In de verte verraadt een vuurtoren zijn aanwezigheid door stiekem te knipperen. Ik richt mijn aandacht op het licht, kijk vooruit en ga automatisch sneller lopen. De zee komt op, het wordt vloed.

Als je vriendin sterft moet je verdrietig zijn. Je moet je afvragen 'waarom zij?'. Je moet het leven niet meer zien zitten. Vrienden en familie moeten je troosten, je moet zwelgen in verdriet. Maar niets van dat alles.

Het was een mooie begrafenis, met fraaie witte bloemen op een witte kist. Bewust geen zwart. Die associatie paste niet. Wit, de kleur van onschuld, de kleur van de toekomst, de hoop. De muziek was mooi, de sprekers waren aangrijpend.

Had ik ook moeten spreken? Nee, dan had men mijn onverschilligheid gemerkt. Maar ben ik dan onverschillig, of kan ik het niet bevatten, doorzie ik de consequentie van dit afscheid nog niet?

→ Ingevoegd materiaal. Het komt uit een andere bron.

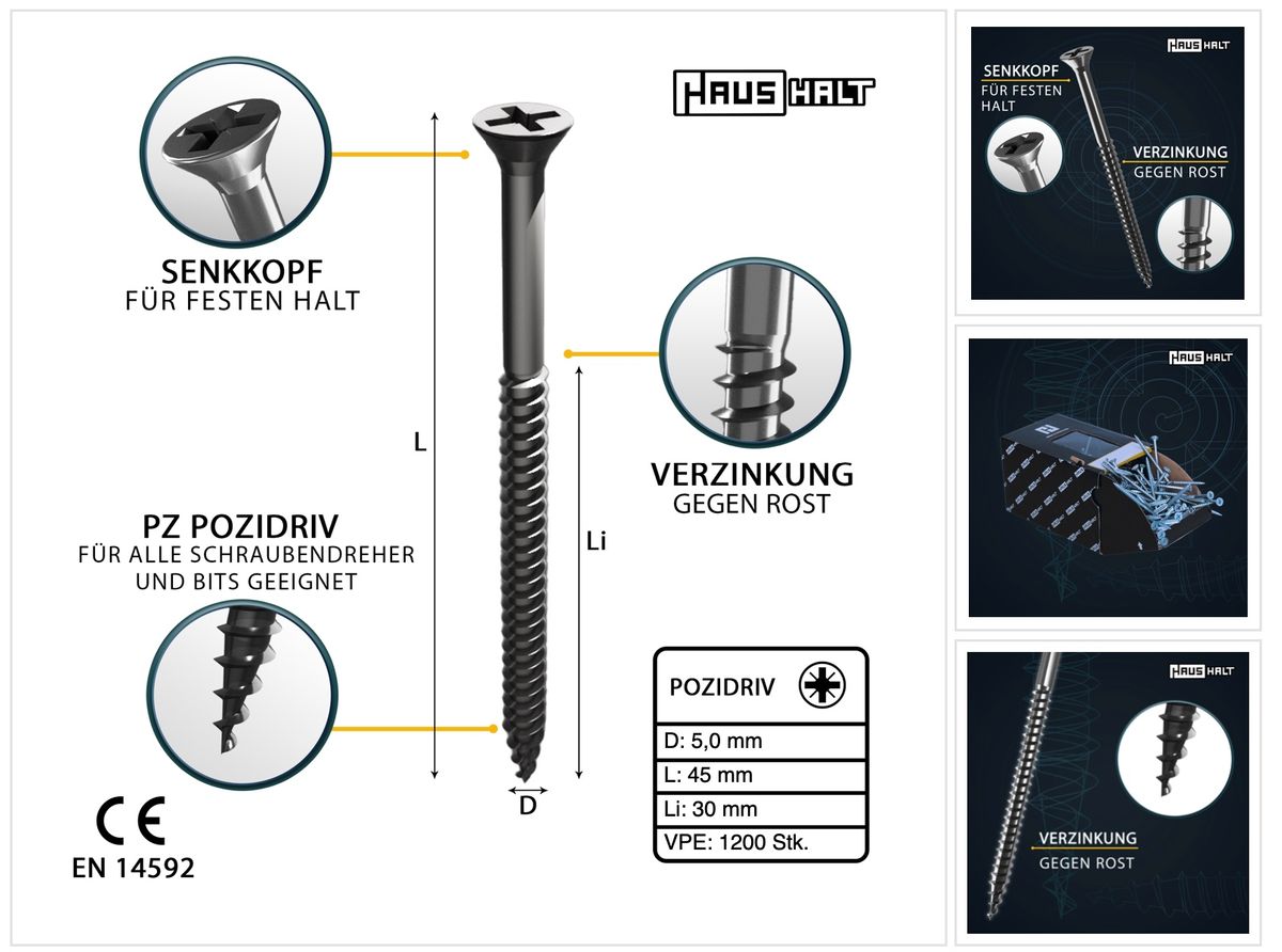 HausHalt uniwersalny wkręt budowlany do drewna 5.0 x 45 mm PZ2 1200 szt. ( 4x 000051371196 ) srebrny ocynkowany wgłębienie krzyżowe Pozidriv łeb stożkowy gwint częściowy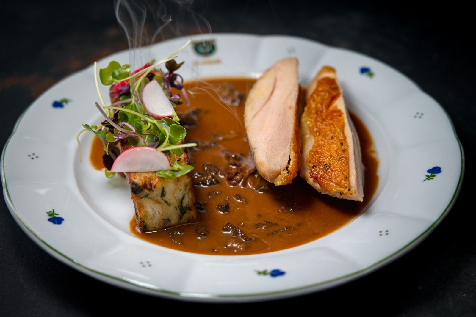 • Kuřecí kukuřičné prso sous-vide s jarní nádivkou a smržovou omáčkou
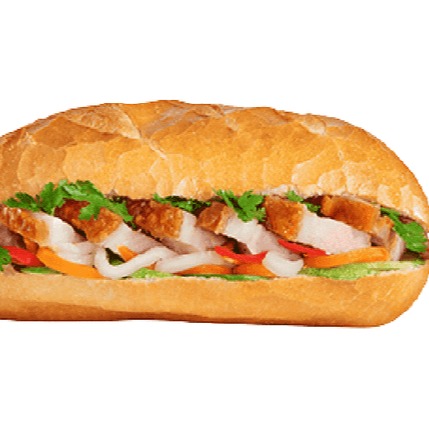 Pate, mayo, headcheese, pork ham, roasted side pork. All subs come with green onion, house special sauce, and veggies such as cucumber, cilantro, jalapeno, and homemade pickled carrot. Our baguette is made fresh daily at our main bakery. Our pate consists of grounded pork, chicken liver, and spices. Our homemade mayonnaise contains a mixture of egg yolks, oli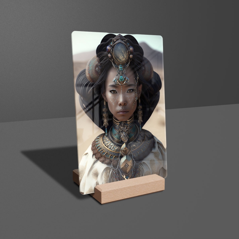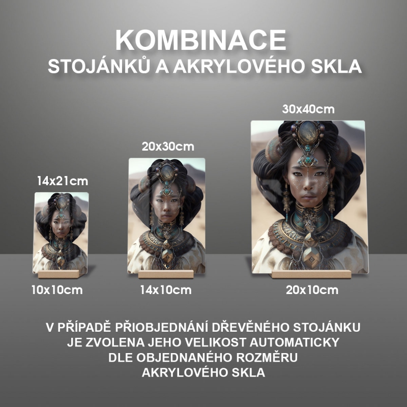 Na produktovém fotu vyobrazena nejoblíbenější varianta akrylového skla 14x21/21x14cm a dřevěný stojánek 10x10cm.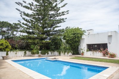 Chalet en Punta del Este para 6 personas. Dos plantas, pileta y barbacoa. Excelente ubicación en barrio residencial a 3 cuadras de la playa y minutos del centro de Punta del Este y de Maldonado. Totalmente equipada y con todos los servicios. El espacio La casa se encuentra en un predio verde y arbolado, en esquina con frente a dos calles. Los arbustos y los árboles ofrecen privacidad. La construcción se desarrolla en dos plantas. La planta alta cuenta con 3 dormitorios y un baño completo. Uno de los dormitorios es un matrimonial con un balcón esquinero con vistas al jardín y a la pileta. Los otros dos dormitorios cuentan con capacidad para dos personas cada uno y tienen vista al frente uno y a la pileta el otro. La planta baja cuenta con una cocina totalmente equipada, comedor, un amplio living con estufa a leña y baño completo. Todos los ambientes son muy luminosos y con vistas al predio. La barbacoa cuenta con un parrillero cerrado, horno de pan, cocina, heladera, pileta para los platos y mesa para cocinar al igual que todos los utensilios de cocina. La barbacoa cuenta también con una habitación con baño, con capacidad para dos personas. El perímetro es cerrado y la casa cuenta con alarma con central de monitoreo. Es una casa ideal y muy cómoda para disfrutar en familia. No dudes en consultar

"Machteld is dood. Een ramp."

Ze was de spil in mijn leven, mijn doel, mijn rots, het vaste punt. Had ik haar moeten begrijpen, moeten weten dat ze op de verkeerde weg was? Had ik haar moeten beschermen tegen het kwaad? Strenger moeten zijn misschien? Had ik het kunnen voorkomen? Is het mijn schuld dat ze dood is?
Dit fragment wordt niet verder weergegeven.